Items from a data source:
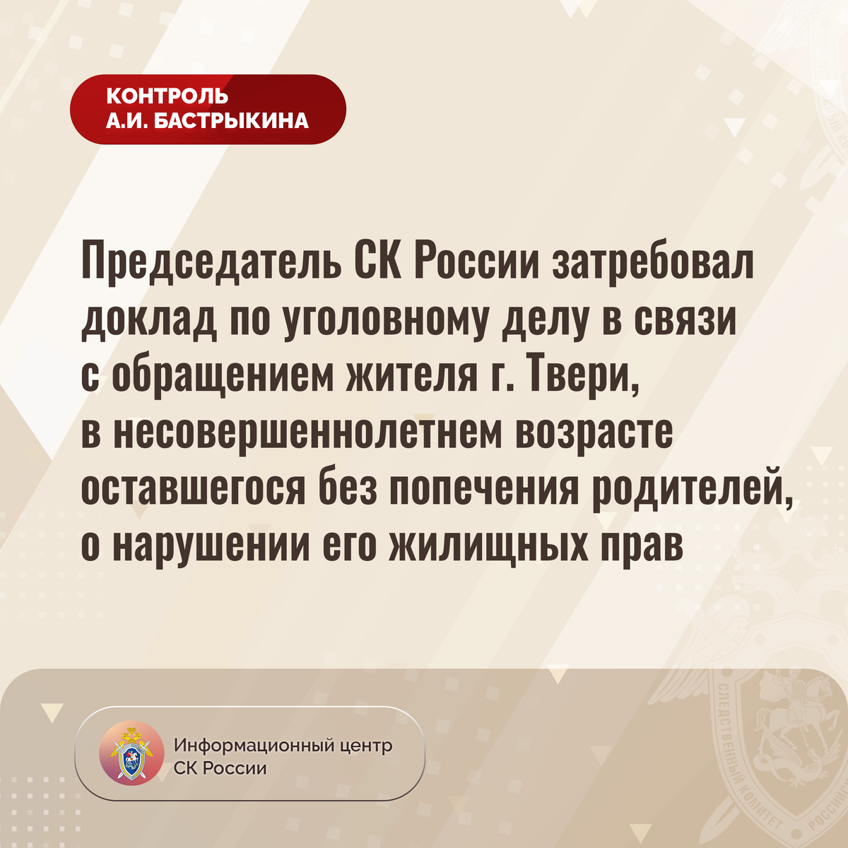 Председатель СК России затребовал доклад по уголовному делу в связи с обращением жителя г. Твери, в несовершеннолетнем возрасте оставшегося без попечения родителей, о нарушении его жилищных прав В приёмную Председателя СК России А.И. Бастрыкина в социальной сети «ВКонтакте» обратился житель города Твери, в несовершеннолетнем возрасте оставшийся без попечения родителей, по вопросу длительного непредоставления ему положенного по закону жилья. С 2020 года молодой человек состоит на учете лиц, подлежащих обеспечению жилыми помещениями. Несмотря на судебное решение, до настоящего времени мер к реализации его прав не принято. Отмечается, что в аналогичной ситуации оказалась сестра заявителя. Многочисленные обращения в различные инстанции результатов не принесли. В СУ СК России по Тверской области возбуждено уголовное дело. Председатель Следственного комитета Российской Федерации Александр Иванович Бастрыкин затребовал у руководителя СУ СК России по Тверской области Альберта Андреевича Кизим
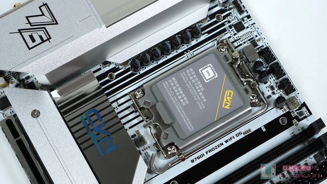 CPU 插槽下方的金屬散熱片是晶片組的部份,除了以結構色替"CVN"系列字樣做出識別,
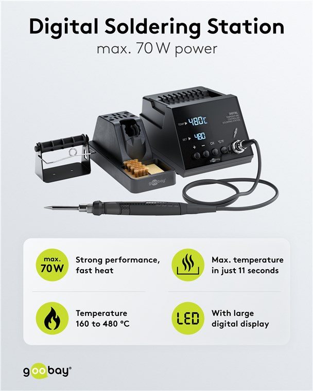 Station de soudage avec finition brillante : La station de soudage compacte dispose de toutes les caractéristiques techniques dont tu as besoin pour tes projets de bricolage. Elle chauffe jusqu'à la température de soudage en seulement 8 secondes et atteint sa température maximale en 11 secondes. Les températures cibles et réelles sont affichées en grands chiffres LED sur un écran stylé avec une finition noire brillante. Particularité : Utilise le bouton CH pour enregistrer la température souhaitée pour le prochain travail de soudage.
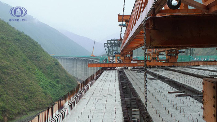 東川區(qū)屬于泥石流地質(zhì)災(zāi)害區(qū)域,高山深谷,地理位置險要,雨季洪澇、泥石流災(zāi)害頻發(fā)。2016年6月3日雨季來襲,大白河流域水位持續(xù)暴漲,徐家地隧道出口沖溝突發(fā)泥石流災(zāi)害,得益于我們提前制定的應(yīng)急預(yù)案和沿河防護措施到位,極大減少了災(zāi)害對下部結(jié)構(gòu)的損壞和影響,也未發(fā)生任何人員傷亡。但來勢洶洶的洪水阻斷了橋梁下部結(jié)構(gòu)施工長達整整3月之久,直至2016年10月15日才正式開始了T梁吊裝工作,為趕上工期要求,我們不得不使用代價相對較高的重型汽車吊來吊裝115片T梁,以完成36米跨度貝雷桁架組合固定式門吊的安裝工作,為后續(xù)工作的開展與推進爭取時間、創(chuàng)造優(yōu)勢。歷時15個月的艱苦奮戰(zhàn),我們凝心聚力、攻堅克難,最終順利的完成了右幅梁板的安裝。
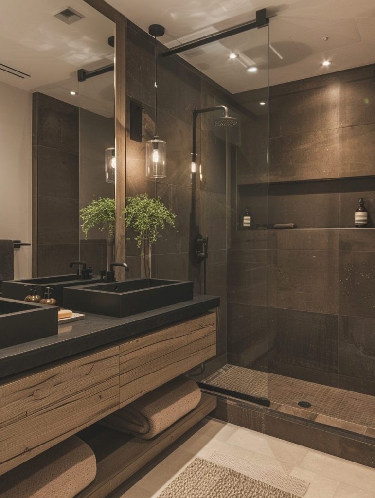 An organic modern bathroom seamlessly fuses natural materials with sleek, contemporary design. Use elements like wood, stone, and concrete within a neutral color palette to ground the space.

ASSIGNMENT:
Copy each entry exactly, with no pictures.

ANSWER SPACE:
 Председатель СК России затребовал доклад по уголовному делу в связи с обращением жителя г. Твери, в несовершеннолетнем возрасте оставшегося без попечения родителей, о нарушении его жилищных прав В приёмную Председателя СК России А.И. Бастрыкина в социальной сети «ВКонтакте» обратился житель города Твери, в несовершеннолетнем возрасте оставшийся без попечения родителей, по вопросу длительного непредоставления ему положенного по закону жилья. С 2020 года молодой человек состоит на учете лиц, подлежащих обеспечению жилыми помещениями. Несмотря на судебное решение, до настоящего времени мер к реализации его прав не принято. Отмечается, что в аналогичной ситуации оказалась сестра заявителя. Многочисленные обращения в различные инстанции результатов не принесли. В СУ СК России по Тверской области возбуждено уголовное дело. Председатель Следственного комитета Российской Федерации Александр Иванович Бастрыкин затребовал у руководителя СУ СК России по Тверской области Альберта Андреевича Кизим
 CPU 插槽下方的金屬散熱片是晶片組的部份,除了以結構色替"CVN"系列字樣做出識別,
 Station de soudage avec finition brillante : La station de soudage compacte dispose de toutes les caractéristiques techniques dont tu as besoin pour tes projets de bricolage. Elle chauffe jusqu'à la température de soudage en seulement 8 secondes et atteint sa température maximale en 11 secondes. Les températures cibles et réelles sont affichées en grands chiffres LED sur un écran stylé avec une finition noire brillante. Particularité : Utilise le bouton CH pour enregistrer la température souhaitée pour le prochain travail de soudage.
 東川區(qū)屬于泥石流地質(zhì)災(zāi)害區(qū)域,高山深谷,地理位置險要,雨季洪澇、泥石流災(zāi)害頻發(fā)。2016年6月3日雨季來襲,大白河流域水位持續(xù)暴漲,徐家地隧道出口沖溝突發(fā)泥石流災(zāi)害,得益于我們提前制定的應(yīng)急預(yù)案和沿河防護措施到位,極大減少了災(zāi)害對下部結(jié)構(gòu)的損壞和影響,也未發(fā)生任何人員傷亡。但來勢洶洶的洪水阻斷了橋梁下部結(jié)構(gòu)施工長達整整3月之久,直至2016年10月15日才正式開始了T梁吊裝工作,為趕上工期要求,我們不得不使用代價相對較高的重型汽車吊來吊裝115片T梁,以完成36米跨度貝雷桁架組合固定式門吊的安裝工作,為后續(xù)工作的開展與推進爭取時間、創(chuàng)造優(yōu)勢。歷時15個月的艱苦奮戰(zhàn),我們凝心聚力、攻堅克難,最終順利的完成了右幅梁板的安裝。
 An organic modern bathroom seamlessly fuses natural materials with sleek, contemporary design. Use elements like wood, stone, and concrete within a neutral color palette to ground the space.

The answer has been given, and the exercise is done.